TV Shows are time consuming, a year is just too bloody long, and Networks are Greedy bastards.

Yes, that’s really the answer here. For, you see, the most episodes a TV show could possibly produce in a year is maybe 25 (Some have 27, but that’s only when you’re a show like The O.C.’s first season where it started during the summer). Most shows, due to budgets and getting time off for the cast and all of this stuff, only produce 22 episodes every season.

Now, the TV Season runs from September to May due to long-standing tradition and, well, they need a break at some point. This means that there are 9 months in a TV season. This means that there are roughly 38 weeks during that period. And, as you’re probably realizing, 38 is bigger than 22. This would present a problem. If you’re programming a show, how do you work 22 episodes into 38 weeks.

As a result, there are two specific breaks in a show which premieres in early September that occur for pretty much all such programs. The first is over Christmas, usually starting in early December and extending into mid-January. This is about 5-6 weeks where people, for the most part, aren’t focused on TV anyways, and it gives shows a break over the Christmas holidays as well. The second is, coincidentally, right now; from the beginning of March to mid-April is another one of these times. These two bulks make up most of the necessary weeks, while small breaks here and there, special events, and premiering later in September/finishing earlier in May all make up the difference.
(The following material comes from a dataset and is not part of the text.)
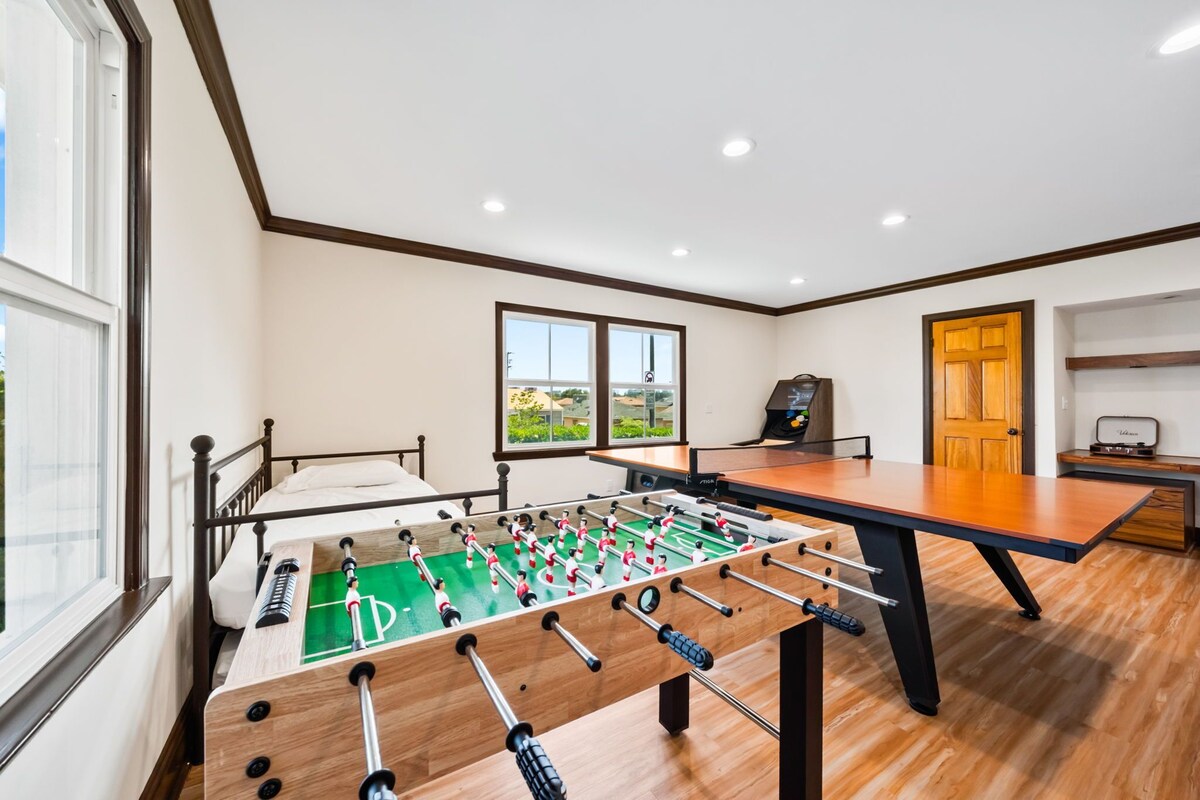 Experience the best of Beverly Hills in this luxurious 6-bedroom retreat! Relax by the pool, challenge friends in the game room, and easily explore Rodeo Drive's legendary boutiques – all within walking distance. Our spacious home comfortably sleeps 14 and offers all the amenities for an unforgettable stay. - Private Pool - Jacuzzi - Exciting Game Room ( Pingpong, Arcade Speedball) - Prime Location – Walk to Rodeo Drive - Fast WiFi - Smart TVs - Fully equipped Kitchen Absolutely NO PARTIES whatsoever. Please keep in mind: our pool is surrounded by beautiful nature, which can sometimes lead to leaves and twigs ending up in the water. On windy days, there may be more leaves than usual, but we do have a twice a week pool cleaning service to keep it in tip-top shape. We do keep a pool net there just in case you need to use it. OTHER THINGS TO NOTE: To abide by local legal requirements, you may be asked to complete a secure verification portal by providing a copy of your official government-issued photo ID, confirming your contact information and sharing the purpose of your stay. The information is collected for screening and verification only and is not stored or used for any other purposes. By making a reservation, you acknowledge that you may be required to provide a copy of a valid government-issued ID prior to check-in. You understand that your check-in instructions might be withheld until you have successfully completed verification steps in our guest portal. For security and to prevent unauthorized parties, please be aware there are two cameras on the property: - Ring Doorbell Camera at the front door - Backyard facing pool ----------- We're thrilled to have you considering our property for your next stay! When making your reservation, we'd love to know a bit more about your group. If you wouldn't mind, please provide us with the following information when you book or message us: 1. How many guests will be staying with us and their approximate age range? Will there be any visitors stopping by during your stay? 2. The purpose of your visit – is this a relaxing vacation, a busy business trip, or something else entirely? 3. Confirmation that you've had a chance to read through our house rules. You can find these in the \ section at the bottom of the listing. ------------- House Rules: Welcome to our home! We want you to have an amazing time, so we've put together some friendly tips to ensure everyone has a great stay: 1. **No smoking or parties, please!** We have a NoiseAware and Ring doorbell to help us keep things quiet and peaceful for all. 2. **Respect our neighbors.** Please keep things quiet after 10 pm, especially any music or outdoor gatherings. No swimming for groups or kids after 10 pm either. 3. **Let us know who's coming!** Please tell us the exact number of guests staying at the house and if anyone plans to visit during your stay. 4. **No fires, please!** The fireplace is just for decoration, and we're in a fire hazard zone, so no fires anywhere on the property, including smoking. 5. **Parties and events are strictly prohibited.** 6. **Keep things tidy!** Please clean up after yourself to help keep our home neat and tidy. 7. **Pool and garden care:** We have a gardener (Saturdays) and pool service (Tuesdays and Fridays) come every week. You can request for additional cleanings for a fee (covered by the guest) if needed. Please note that sometimes leaves and twigs might fall into the pool, especially between service days. If that happens, feel free to use the pool net to scoop them out. Thanks for helping keep things sparkling! 8. **Furry friends welcome!** We love pets, and they're welcome to join you for an extra fee of $250 per pet. Just let us know beforehand so we can approve it. 9. **Check-in and checkout times:** We're happy to offer early check-in or late checkout if we can, but it depends on availability. There might be an extra fee of $50 per hour. **A friendly reminder:** While we want you to have a fantastic time, we can't be responsible for any accidents or injuries that happen during your stay. So, please be careful and have fun! We're here for you 24/7 if you have any questions or need anything at all. Enjoy your stay! 😊 Our prices include all fees. No hidden fees.

Now, the question is, how can shows avoid this? Well, there’s a few models which have been used to combat this setup.

1. The 24 Method
This involves holding back all of your episodes and airing them starting in early January. This requires airing an episode every week, in fact often having two-hour episodes in order to get through the episodes in the span of a season. It was technically also used by Alias in its 4th season starting in 2005, but 24 has continued to use the method since its own 4th season in the same year, and thus it becomes its namesake.

2. The Prison Break Method
This involves separating the season into two parts (12 and 10, 11 and 11, etc.) and having a long hiatus between November and February in between. This doesn’t make for perfect scheduling, mind you, but it works out to less repeats than most shows. Prison Break used this in its first season, having a “Fall Finale” before returning in mid-Spring to conclude by May. Jericho has used it this year, although to little success: Ratings are way down against American Idol on Wednesdays.

3. The Lost Method
The idea with Lost was to air 6 episodes in October/November, and then fill the timeslot with another show (Daybreak) and then return in February and run with consecutive episodes until May’s finale. It did not please fans, it did not please viewers, and likely few will use it again. Also, it didn’t help when Daybreak failed miserably, did it?
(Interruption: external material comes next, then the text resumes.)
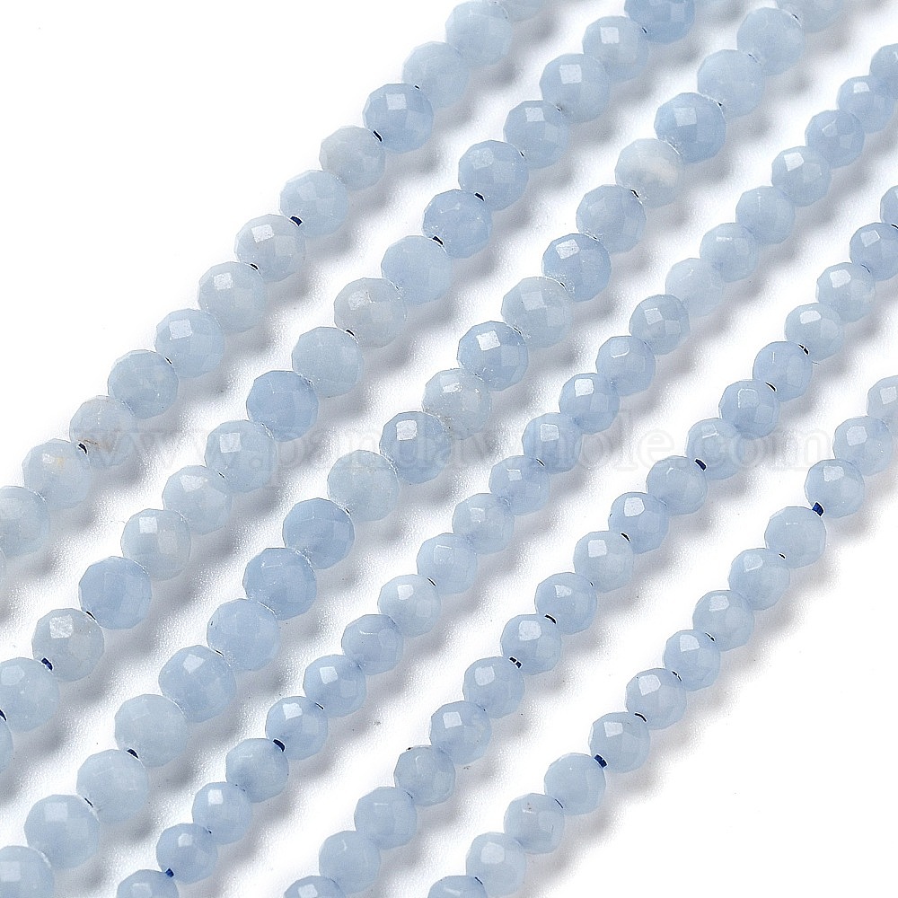 • Ангелит Натуральные ангельские бусины, граненые, круглые, 3 мм, отверстие : 0.8 мм, около 128 шт / нитка, 14.96'' (38 см)

4. The Veronica Mars Method
This involves separating a show into three distinct blocks (In VM’s case: 9, 6, 5) which air as consecutive episodes with distinct breaks in between. This method hasn’t damaged the show too greatly this season (Not that the ratings were good to begin with) but the show is suited to it due to its mystery structure. Other shows can’t do this as easily, because writing cliffhangers to keep people interested is difficult.
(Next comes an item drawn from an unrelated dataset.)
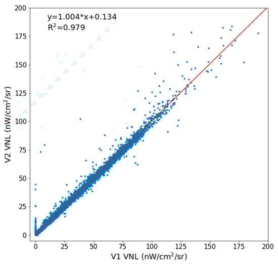 The V.2 and V.1 versions of the 2015 VNL were quantitatively compared and found to be highly correlated to each other for the vast majority of grid cells. However, it was found that the V.2 VNL had dim lighting detections in grid cells assigned to background in the V.1 VNL. Because of the different processing steps and thresholds, it is probably best not to mix the two product sets for multitemporal analysis. The V.2 product users can have confidence that all the processing steps and thresholds are the same across the entire series from 2012 through 2019. This is an advance over the V.1 methods, where a grid cell’s DR threshold could vary from year to year. This is an important distinction when it comes to making a superior product set for the analysis of lighting changes.

Those are the four methods most commonly seen when dealing with this problem. Now, the next question is: Why do most shows not follow these?

It’s really an issue of ratings and network greed, when it comes down to it. ABC wants to have episodes of Grey’s Anatomy airing all throughout the year so they’re able to tout how awesome they’re doing in the weekly ratings hunt. CBS thinks the same thing with CSI, and makes sure they’re scheduled against one another in order to keep their network from appearing weak. Shows start in September because that’s when all shows start, and people are excited about new shows, and it’s much tougher for people to be excited about a new TV show in January; Heroes could have ended up like the Black Donnellys if it hadn’t had time to build over the year.

So, in the end, why is your favourite show on hiatus? It’s because it’s the way the TV industry works. They want to premiere in September, they want to be part of the Sweeps months (See my February Sweeps post for details on what these are) in November, February and May, and they want to end in May with everyone else to get the best ratings possible. If the networks could take out every other month of the TV season, I think they probably would, but the world doesn’t work that way.

They can’t make any more than 22-24 episodes, there’s too many weeks in the TV Season, and networks are greedy and want to be part of everything coming to them. These are all realities that will keep a new episode of Heroes from appearing on Monday. But, due to these new scheduling patterns popping up, you’ll have fresh episodes of Lost, Heroes, Prison Break, Jericho and others to watch and enjoy in the weeks ahead.

2 Comments

Filed under Grey's Anatomy, Heroes, Television

2 responses to “Q&A: Why is [Insert Favourite Show Here] on Hiatus?

  1. Nice read. The best way to spend time during hiatus is to in fact to watch [Insert Favorite Show] again at online sites like http://moviediggers.blogspot.com/ where the video quality is sufficiently high.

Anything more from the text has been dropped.